(Items listed in a dataset)
....................
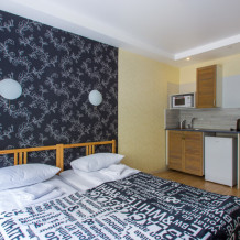 Номер с окнами, состоящий из двух смежных комнат. В номере: телевизоры, одна большая гардеробная система, WI-FI и две двуспальные кровати, которые трансформируется в четыре односпальные.
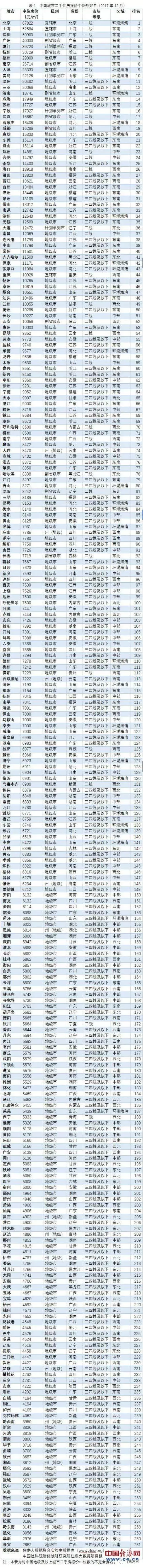 该项分析以来自互联网的430万条二手住房报价为基础,对2017年12月中国地级及以上城市二手住房报价中位数作了不完全样本排名。
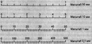 Масштабом равномерной шкалы называется длина отрезка (графический интервал), принятого за единицу и измеренного в каких-либо мерах. Чем меньше масштаб (рис. 5.3), тем гуще располагаются на шкале точки, имеющие одно и то же значение. Построить шкалу -это значит на заданном носителе шкалы разместить точки и обозначить их соответствующими числами согласно условиям задачи.
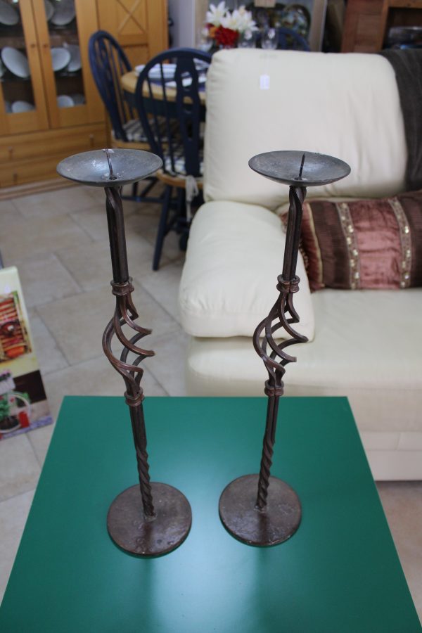 Two Matching Wrought Iron Candle Stick Holders 55cm High
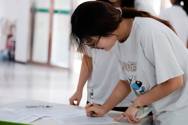 “猜灯谜区”前人头攒动,悬挂的灯谜纸条涵盖中秋文化、国庆知识与校园生活。学生们驻足思考、相互讨论,猜对谜底的同学还赢得了小礼品——书签一份,成就感满满。
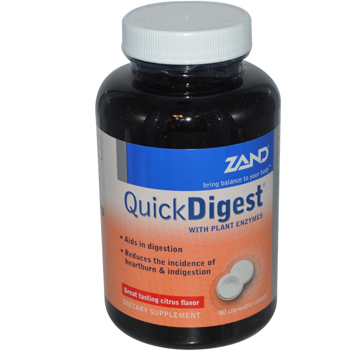 Bring Balance to Your Body With Plant Enzymes Aids in Digestion Reduces the Incidence of Heartburn & Indigestion Great Tasting Citrus Flavor Dietary Supplement Zand Quick Digest tablets are a great tasting before and after meal supplement containing the plant based enzymes Lipase, Cellulase, Amylase, Papain and Bromelain with Papaya Fruit and Calcium to support healthy digestion.
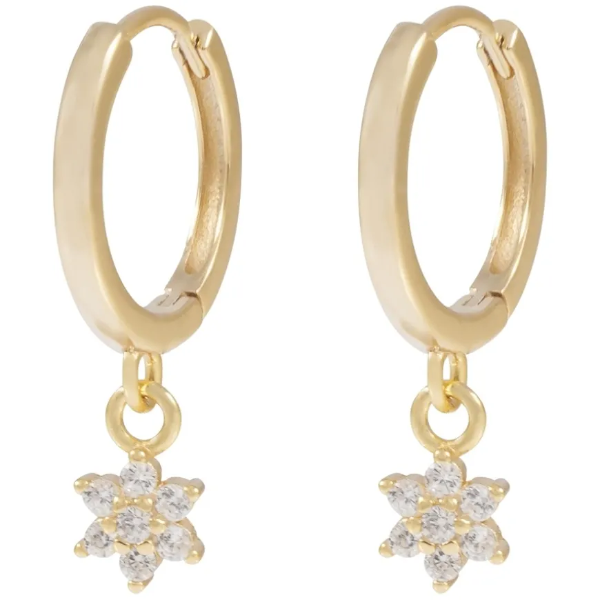 Siri Pendant Earring er små hoop-øredobber i gullbelagt messing fra Snö Of Sweden. Øredobbene har en gnistrende stjerneformet charm dekorert med zirkoniastener, som gir et feminint og glamorøst uttrykk. Perfekte både til hverdags og festlige anledninger. Designet kombinerer det lekne og elegante, og gir ethvert antrekk et subtilt, men iøynefallende løft. Passer alle som ønsker et enkelt smykke med stjernedetalj og glans.
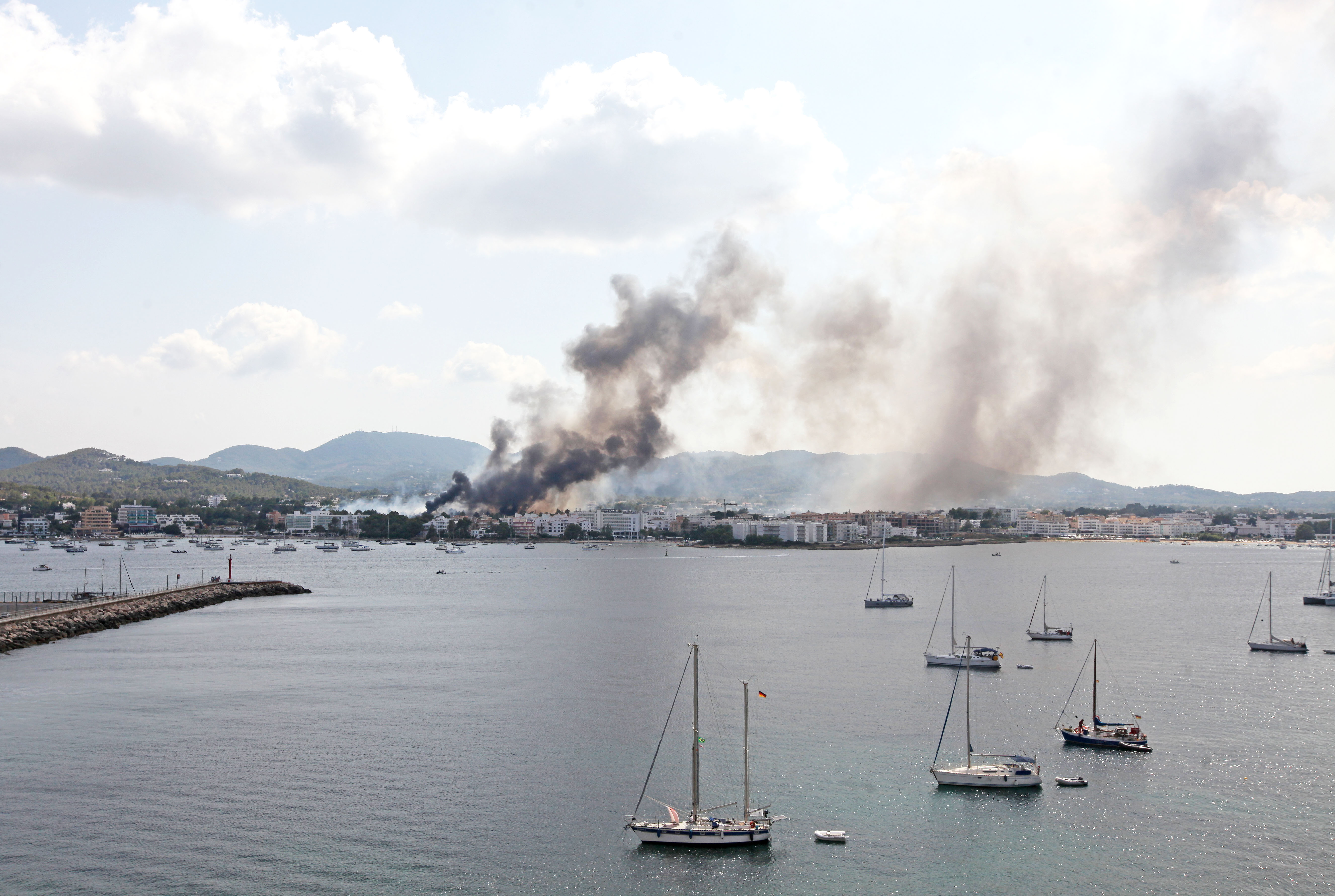 La espesa columna de humo provocada por el incendio era visible desde diferentes puntos de la isla y ha creado una gran alarma en el pueblo de Sant Antoni, así como en una buena parte de Sant Josep. Sin embargo, la rápida y precisa actuaciones de los medios terrestres y aéreos ha conseguido frenar con celeridad el avance de las llamas.
....................
About this exercise:
Please repeat exactly the data above from its first line to the line that contains "该项分析以来自互联网的430", inclusive, and leave every picture out.

Final answer:
 Номер с окнами, состоящий из двух смежных комнат. В номере: телевизоры, одна большая гардеробная система, WI-FI и две двуспальные кровати, которые трансформируется в четыре односпальные.
 该项分析以来自互联网的430万条二手住房报价为基础,对2017年12月中国地级及以上城市二手住房报价中位数作了不完全样本排名。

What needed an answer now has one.